A proposta de horizonte móvel se estrutura no sentido de garantir a atualização permanente do exercício prospectivo em decorrência de alterações conjunturais significativas tanto no campo social, econômico e político, bem como resultante de inovações e descobertas relevantes para os cuidados de saúde. Fundamentalmente,buscam-se identificar os desvios para aproximação ou afastamento do que chamamos de horizonte desejável e possível, que configuraria um olhar “otimista” para o futuro.A atual conjuntura econômica e política, a nível internacional

e nacional, indica quase uma certeza de que, nos próximos vinte anos, estaremos nos afastando de maneira significativa do que se apresentava como desejável e possível na primeira rodada do projeto. O horizonte traçado como pessimista e plausível apresenta-se hoje como o mais provável. O distanciamento das projeções iniciais de crescimento econômico do país diminui radicalmente as possibilidades de que se processem os investimentos para redução das iniquidades no acesso aos serviços de saúde e para que se atendam as necessidades correntes de custeio. Tudo isso provocará um grau importante de degradação de recursos existentes e aprofundará a estratificação social do acesso. O estrangulamento fiscal e a disputa por sua partilha comprometerá esforços de ampliação da base contributiva para o setor.

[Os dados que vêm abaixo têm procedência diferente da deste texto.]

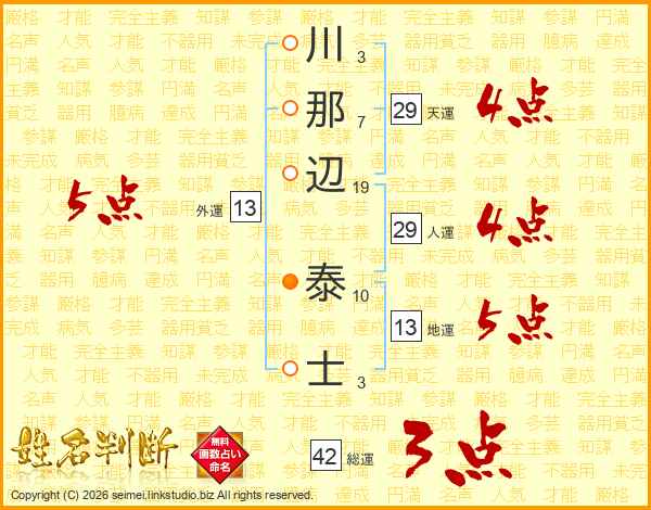 川那辺泰士さんの外運は13画の5点!

Da mesma forma, é possível prever um acirramento da competição entre os entes federados, dificultando os esforços de integração e cooperação. Consequências negativas também podem ser antecipadas nos esforços para fortalecimento da base produtiva setorial no curto prazo, que podem comprometer a capacidade de inovação e autonomia desejadas para o futuro. Entretanto, afortunadamente, embora reduzidas, não me parecem esgotadas as possibilidades de, em quatro a cinco anos, podermos redesenhar um horizonte, digamos, “mais colorido”.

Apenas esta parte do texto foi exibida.